- _INFORMATION PROVIDED_
+ + + +

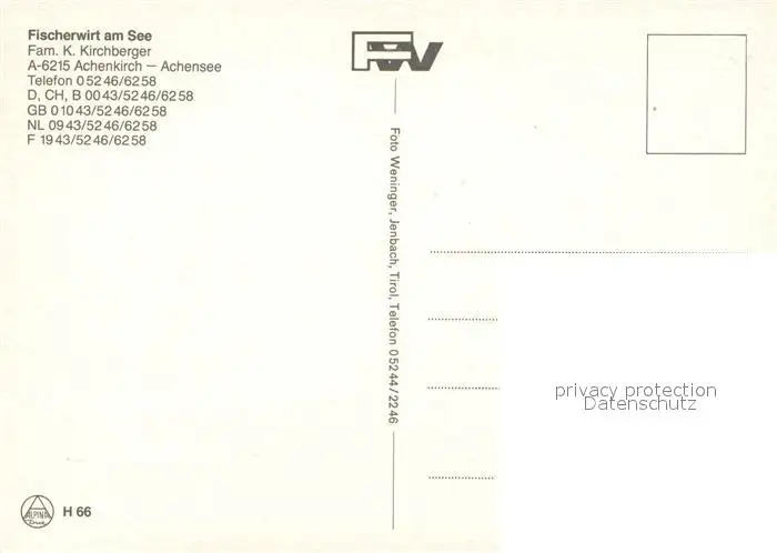 Achenkirch Fischerwirt am See Landschaftspanorama Alpen Achenkirch postalisch nicht gelaufen nach 1965 Erhaltung siehe scans [FriedD77] Frierer
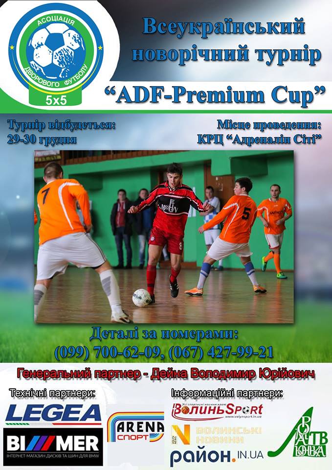 Асоціація дворового футболу 5х5 напередодні Нового Року проведе традиційний, престижний турнір “ADF-Premium Cup”, головна родзинка турніру, що матчі відбудуться на головній арені області, а саме на майданчику Арена Спорт, що знаходиться у КРЦ “Адреналін Сіті”. Про це повідомляє АДФ Волинь.
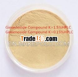 Product Name: Ginsenoside Compound K Latin Name in Botany: Panaxginseng C.A. Meyer Family: Araliaceae Genus: Panax Used Part: RootIntroduction: Ginsenoside is the main pharmacological activeingredient of panax ginseng and its the same family plants (Panaxnotoginseng, American ginseng, etc.). It has been separated morethan 40 kinds of ginseng saponin monomer. Ginsenoside CK belongs todiol-type saponins, which is very low in natural ginseng. But it isthe main degradation products and the final absorptional form ofother high content ginsenosides, like ginsenoside Rb1 and Rb2, ect.Ginsenoside CK has a high biological activity. Character: Brownyellow powder Available specifications: 1, 1.5% HPLC, apply tospecial foods and cancer patients 2, 0.15% HPLC, apply to generalfood The advantages of Ginsenoside CK: 1. "Natural prodrug" theoryhas been confirmed Ginsenoside CK is the entity of Ginsenosidesactive role. The existing research shows that the anti-tumoractivity and enhance immune of Ginsenoside CK is the strongest ofall ginsenosides; 2 Ginsenoside CK ginsenosides is the mostsuitable to use as anti-tumor development in all ginsenosides. Ithas a good solution, while ginsenoside Rg3, Rh1, Rh2 are in poorwater solubility. For cancer patients, once into the conventionaltreatment, digestive function was completely lost. Preparations fororal absorption level is very limited. But ginsenoside CK can bemade into injection, with its good water solubility, to play adirect role. 3 Ginsenoside CK, intervening specific antineoplastictreatment programs, is help to build efficient cancer treatmentmodalities, to explore the existing treatments and therapeuticpotential. The existing studies have shown that ginsenosides CKindeed has a good synergistic effect attenuation for somefirst-line anticancer drugs. Pharmacological functions: 1anti-tumor: Following is the main points of Ginsenoside CKanti-tumor mechanism: A inhibition of tumor cell proliferation; Bto promote tumor cell apoptosis; C inhibition of tumor cellinvasion and metastasis; D to improve chemotherapy sensitivity oftumor cells, reducing its impact on normal cells side effects 2anti-diabetic, regulate blood sugar 3 immunomodulatory 4anti-allergic, anti-inflammatory 5 anti-hypertensive 6 SkinMoisturizer Applications: Pharmaceutical raw materials, Healthproducts, Food and Beverages, Cosmetics

+ + + +

- _WHAT YOU NEED TO DO_
Would you restate, word for word and with no pictures, only the lines from the opening of the material through the line with "Асоціація дворового футболу", both included?

- _RESULT OF THIS TASK_
 Achenkirch Fischerwirt am See Landschaftspanorama Alpen Achenkirch postalisch nicht gelaufen nach 1965 Erhaltung siehe scans [FriedD77] Frierer
 Асоціація дворового футболу 5х5 напередодні Нового Року проведе традиційний, престижний турнір “ADF-Premium Cup”, головна родзинка турніру, що матчі відбудуться на головній арені області, а саме на майданчику Арена Спорт, що знаходиться у КРЦ “Адреналін Сіті”. Про це повідомляє АДФ Волинь.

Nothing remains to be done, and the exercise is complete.